=== Data block ===

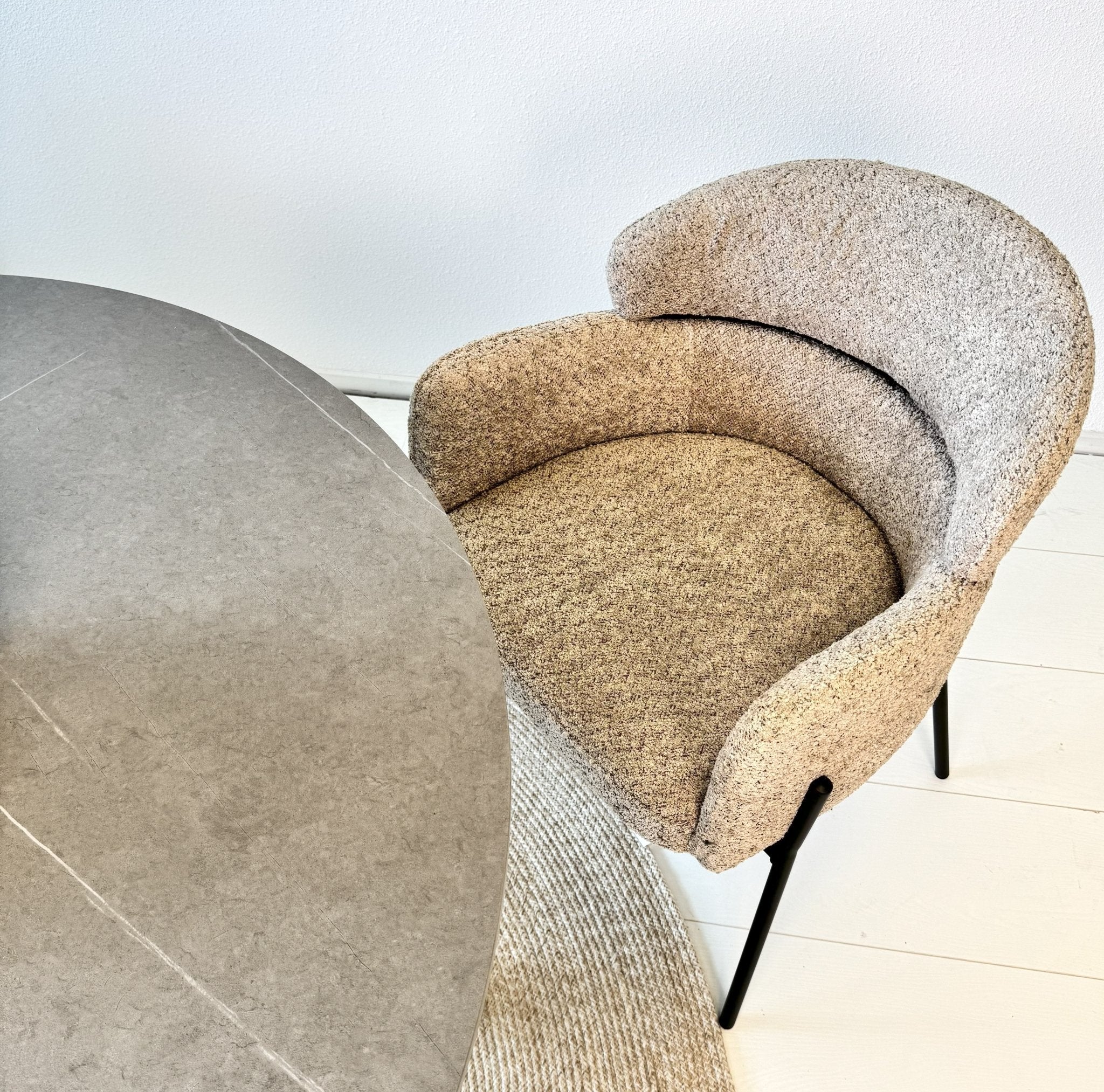 Esszimmerstuhl Lola Bouclé Stoff Beige mit rundem Rücken und Arm
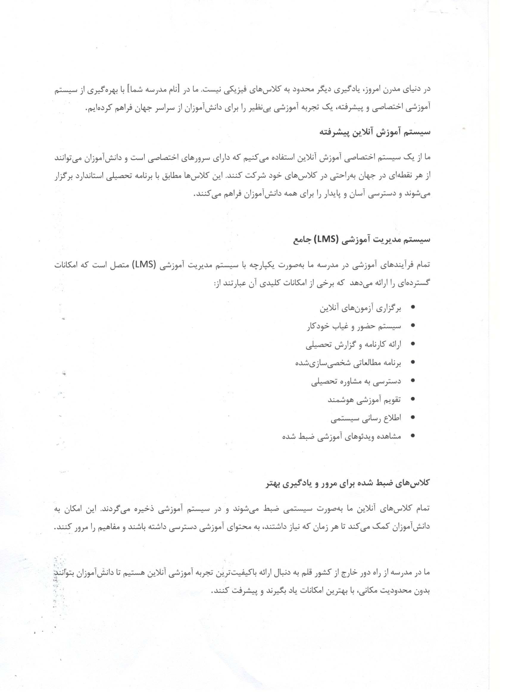 اطلاعات تکمیلی در فایل ضمیمه و صفحه رسمی مدرسه موجود میباشند.
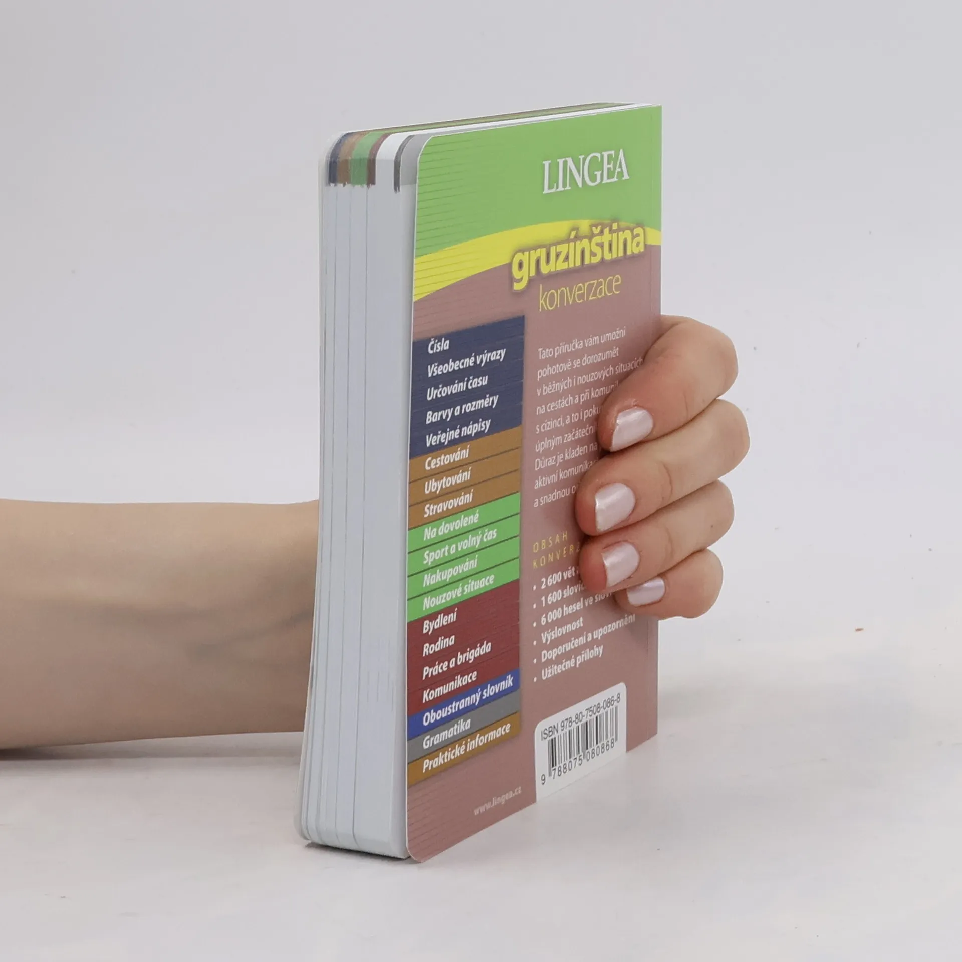 Pokud plánujete cestu do Gruzie, neměli byste zapomenout na vhodnou konverzaci, neboť gruzínské písmo je pro nás exotické. Gruzínci se projevují ve vztahu k návštěvníkům velmi srdečně, přátelsky a nesmírně pohostinně. Hlavními památkami jsou středověké kláštery a kostely, vyhlášené je také gruzínské víno. 2 600 vět a frází, 1 600 slovíček v tématech 6 000 hesel ve slovníku (pouze v knize) Doporučení a upozornění Přepis výslovnosti všech frází 19 stran gramatiky 9 stran praktických informací o zemi
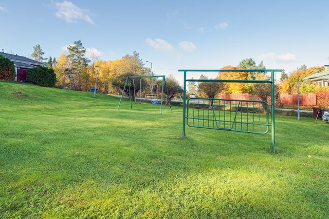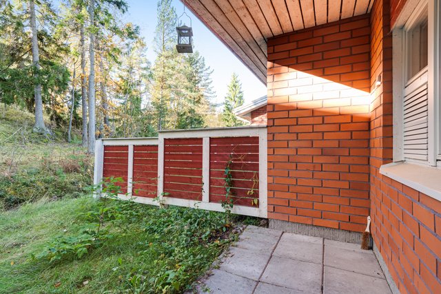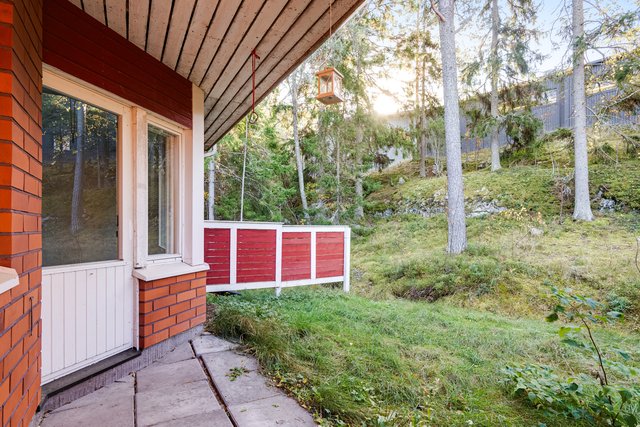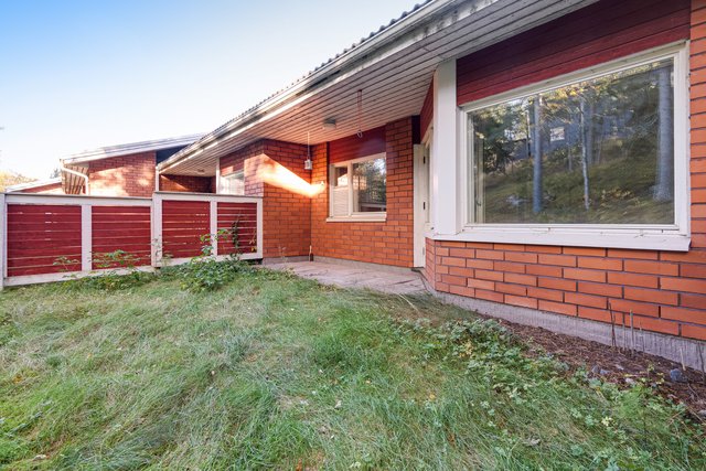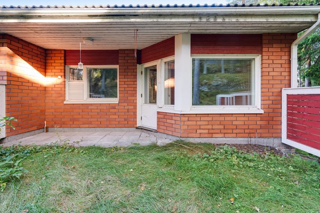 - Asunnon edessä metsään rajoittuva kiva piha-alue.

===

| Task to carry out |
Exclude the images, then output the data above word for word.

| Response |
 Esszimmerstuhl Lola Bouclé Stoff Beige mit rundem Rücken und Arm
 اطلاعات تکمیلی در فایل ضمیمه و صفحه رسمی مدرسه موجود میباشند.
 Pokud plánujete cestu do Gruzie, neměli byste zapomenout na vhodnou konverzaci, neboť gruzínské písmo je pro nás exotické. Gruzínci se projevují ve vztahu k návštěvníkům velmi srdečně, přátelsky a nesmírně pohostinně. Hlavními památkami jsou středověké kláštery a kostely, vyhlášené je také gruzínské víno. 2 600 vět a frází, 1 600 slovíček v tématech 6 000 hesel ve slovníku (pouze v knize) Doporučení a upozornění Přepis výslovnosti všech frází 19 stran gramatiky 9 stran praktických informací o zemi
 - Asunnon edessä metsään rajoittuva kiva piha-alue.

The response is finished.